Noises Off: Council Prepares Crackdown on Chronic Noise Nuisances

Council Watch
By Doug Potter

Here's a mixed-use development that neighborhoods could do without: For over a year, homeowner Mike Alexander has been complaining that the roar from condenser fans atop a two-story icemaker owned by his next-door neighbor, Junior's Beer and Wine on 29th Street, forces him to sleep with earplugs and interrupts conversations inside his home. Alexander called the police, but the decibel readings officers took on Alexander's property didn't violate the city's nuisance noise ordinance. So Alexander called the city's zoning office, asking the department to enforce decibel limits written into the Land Development Code. But staff there referred Alexander back to the police, who Alexander says blinked uncomprehendingly when he told them that city zoning limits machinery noise in residential areas to levels well below those allowed under the noise ordinance, whose chief use is to hold down disturbances from loud parties and music. Alexander discovered that no city official is empowered to investigate noise problems from motorized appliances. Meanwhile, Junior's owner John Zamora says he's been part of the neighborhood a lot longer than Alexander and can't afford to move or stop making ice, which he uses to chill beer kegs and sells to area bars and restaurants. Ironically, Zamora adds, the same city office Alexander has been complaining to, the Development Review and Inspection Department (DRID), made Zamora tear down an insulative shroud he built around the icemaker because they considered it an illegal extra structure on Zamora's lot.

The bitter feud that has arisen between Zamora and Alexander has prompted city officials to begin questioning whether better rules and enforcement are needed to control mechanical noise in a city that the present City Council hopes will grow more mixed and compact. A resolution submitted by Council Members Daryl Slusher and Bill Spelman for consideration today, Thursday, Jan. 13, calls for the Planning Commission and Austin Police Dept. to review whether Austin's noise regulations are giving everyone a good night's sleep.

Incessant Intrusions

Don't misunderstand.
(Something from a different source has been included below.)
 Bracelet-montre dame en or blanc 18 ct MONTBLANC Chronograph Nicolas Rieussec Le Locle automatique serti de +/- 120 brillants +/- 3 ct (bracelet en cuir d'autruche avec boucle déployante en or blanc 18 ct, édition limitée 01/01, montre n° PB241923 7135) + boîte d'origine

This is not another attempt to quiet downtown clubs, according to Slusher. The issue this time is recurring problems in residential neighborhoods, to which the city has been unable to respond -- not only from electric motors and fans, as in the case above, but from idling trucks and trash bin pickups, too. While complaints about these forms of noise pollution aren't the most common, they are the kinds of chronic intrusions that can make people the crankiest. Council members have noted that the decibel limits imposed by the nuisance noise ordinance (85 dB during the day, 80 dB at night) are well above those allowed by other major cities in Texas, and higher than the U.S. Housing and Urban Development Dept. permits in areas where it funds projects. HUD states that noise levels around 55-60 dB are most appropriate for residential areas, and that exposure to sound above 75 dB is unacceptable.
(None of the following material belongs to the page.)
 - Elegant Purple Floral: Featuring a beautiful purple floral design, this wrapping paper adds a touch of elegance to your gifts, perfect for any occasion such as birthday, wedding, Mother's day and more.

The Planning Commission has already approved an amendment to the city's Land Development Code, perhaps arriving before council next month, that would lower the limit for mechanical noise emanating from a property line from 70 dB to 60 dB. That's equivalent to the sound typically generated by a modern residential air conditioner, though old or cheaper ones may run louder. Commercial equipment, too, might not make the cut. Alexander says a sound engineer measured the condenser fan noise from Zamora's icemaker at just over 70 dB. Like the rule already posted in the code, however, the new noise limit would only apply to lots that are subject to other compatibility standards for single-family zoning. And, as Alexander discovered, zoning decibel limits currently have no teeth because DRID lacks the personnel to enforce them.
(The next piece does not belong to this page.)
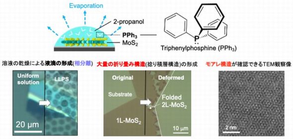 東京大学と北陸先端科学技術大学院大学、筑波大学らの研究グループは、液−液相分離によって形成される液滴を用いることで、二重構造の遷移金属ダイカルコゲナイト(TMDC)を作製するとともに、モアレ構造の形成を確認した。

That may be changing, however. DRID principal planner Greg Guernsey says his department recently purchased decibel meters and hopes to train employees to use them within the next few months. Should the noise limit be lowered to 60 dB, Guernsey says, DRID inspectors wouldn't be out citing property owners for making noise above that level because the new rule wouldn't be retroactive. DRID personnel would be able to respond to complaints of noise above 70 dB, however, because that limit has been on the books for some time. Until more research is done, Slusher added, it's uncertain how new residential noise limits would affect the Eastside, traditionally one of the city's most noise-polluted zones.

Unintended Consequences

The Planning Commission has been tinkering with other amendments, too, including one that would ban refrigerated semi rigs from leaving their engines running while parked near homes overnight and another which would curtail the hours in which trash haulers could dump commercial bins. Currently, homeowners can do little if idling rigs are parked on their streets, because an engine rumble doesn't register above the decibel limit set by the noise ordinance. Planning Commissioner Robin Cravey says city staff is still working on drafts for these amendments.

"I think that one of the things people in neighborhoods complain most about is [noise] nuisances," says Cravey. "If we're going to live closer together, we're going to have to pay attention to that."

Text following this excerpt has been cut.